Would you return the listing exactly as written, apart from its pictures?

**Exercise data:**

>>>

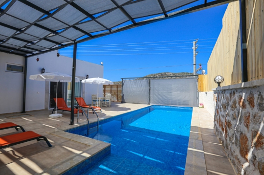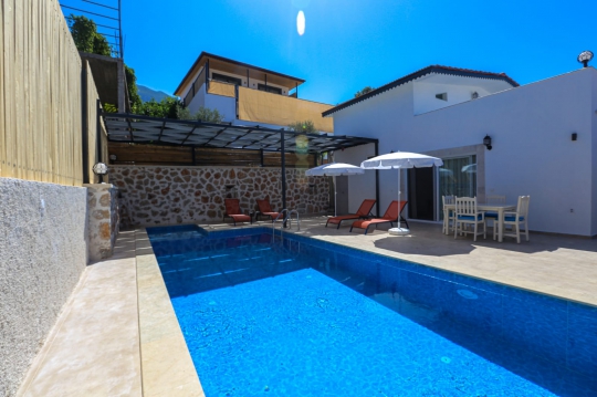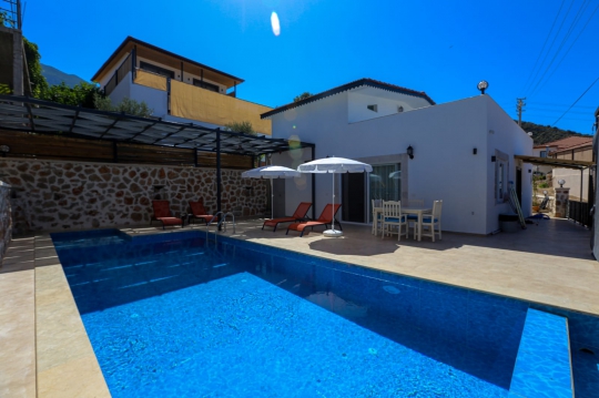 Şık mobilyalarla donatılmış villamız doğa içerisinde konumludur ve Kalkan merkez ve plajlar 3-5 dk.lık sürüş mesafesindedir.
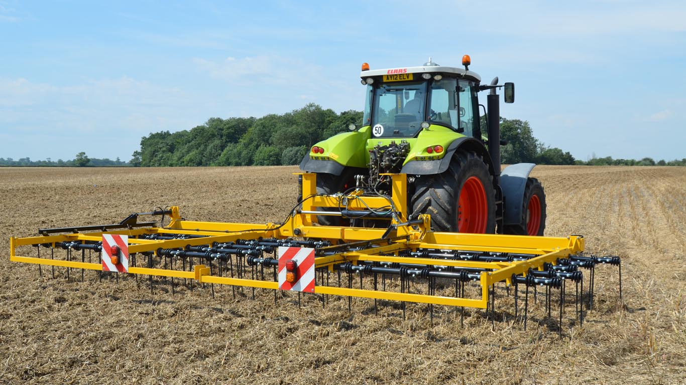 The implement covers 20 ha/hr and the operation uses just over 1 litre/ha of diesel, making it so fast and cheap that it can be repeated every 7 to 14 days in favourable conditions. So little soil is moved that if the weather does turn wet this mini-tilth will dry quickly, allowing another pass with the Straw Harrow or drilling with a 6m Claydon Hybrid.
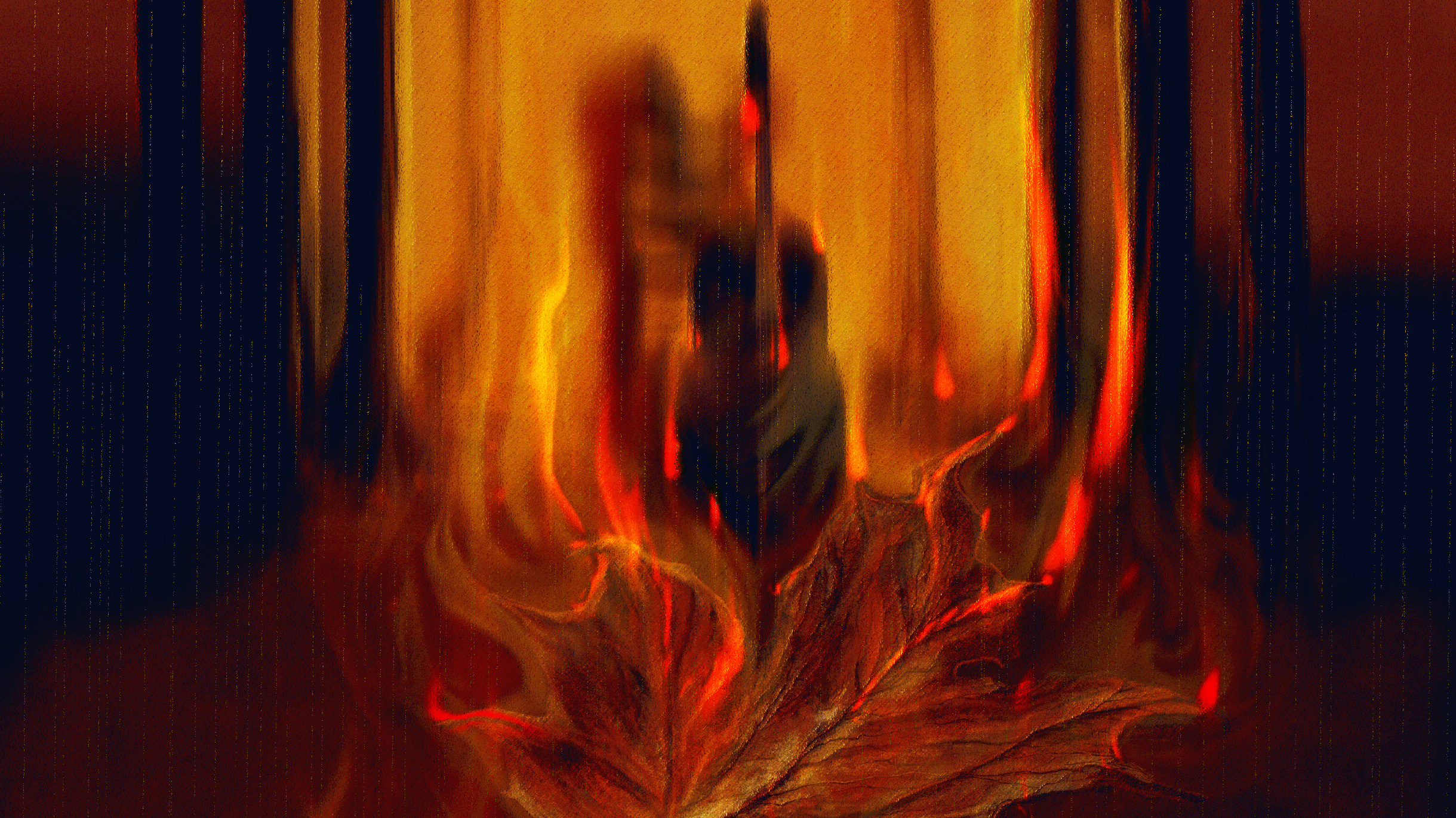The work is done in mixed media. I used a photo of a fig with honey drops and a bumblebee. The rest of the details and textures were hand painted using Adobe Photoshop tools.
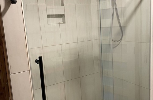 Second floor walk up industrial chic style. Open floor plan with full kitchen, dining table and couch seating 6 while watching large screen TV. Trundle single bed tucked away for extra guests or children, memory foam reading nook is the perfect spot for napping. 2 small outdoor decks, one overlooking the lake. Garage stall parking for 1 car.
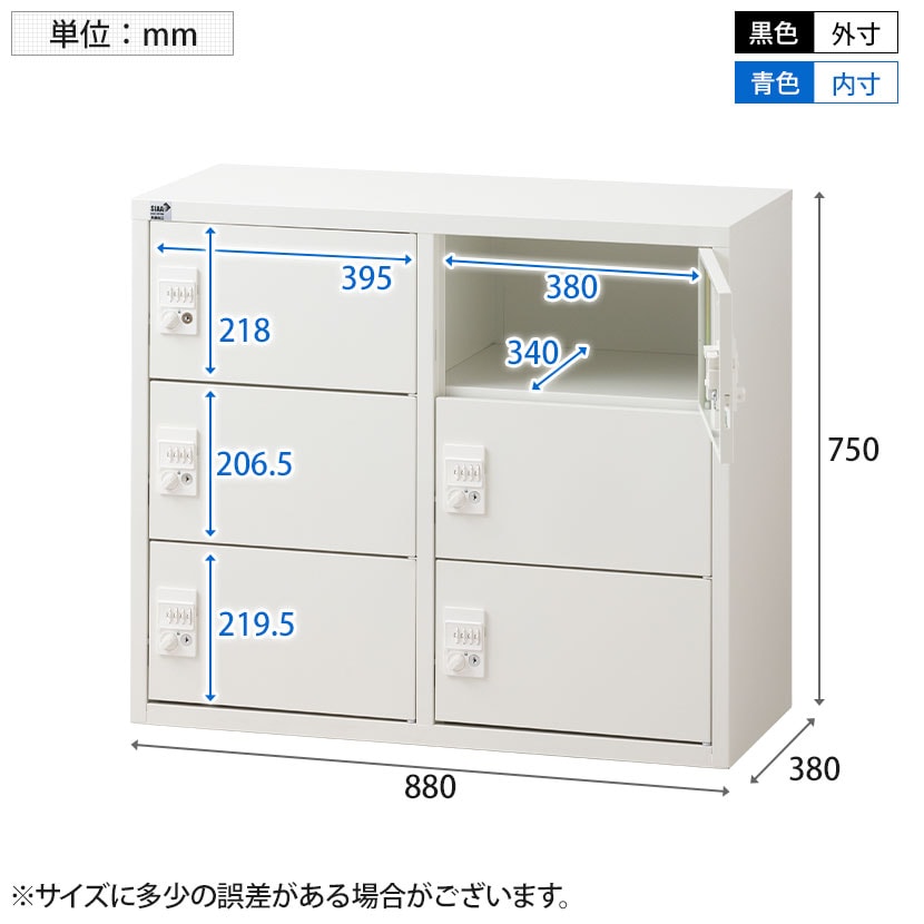 有効内寸(左列) / 幅395×奥行340×高さ218(上段)・206.5(中段)・219.5(下段)mm

<<<

**Response area:**
 Şık mobilyalarla donatılmış villamız doğa içerisinde konumludur ve Kalkan merkez ve plajlar 3-5 dk.lık sürüş mesafesindedir.
 The implement covers 20 ha/hr and the operation uses just over 1 litre/ha of diesel, making it so fast and cheap that it can be repeated every 7 to 14 days in favourable conditions. So little soil is moved that if the weather does turn wet this mini-tilth will dry quickly, allowing another pass with the Straw Harrow or drilling with a 6m Claydon Hybrid.
The work is done in mixed media. I used a photo of a fig with honey drops and a bumblebee. The rest of the details and textures were hand painted using Adobe Photoshop tools.
 Second floor walk up industrial chic style. Open floor plan with full kitchen, dining table and couch seating 6 while watching large screen TV. Trundle single bed tucked away for extra guests or children, memory foam reading nook is the perfect spot for napping. 2 small outdoor decks, one overlooking the lake. Garage stall parking for 1 car.
 有効内寸(左列) / 幅395×奥行340×高さ218(上段)・206.5(中段)・219.5(下段)mm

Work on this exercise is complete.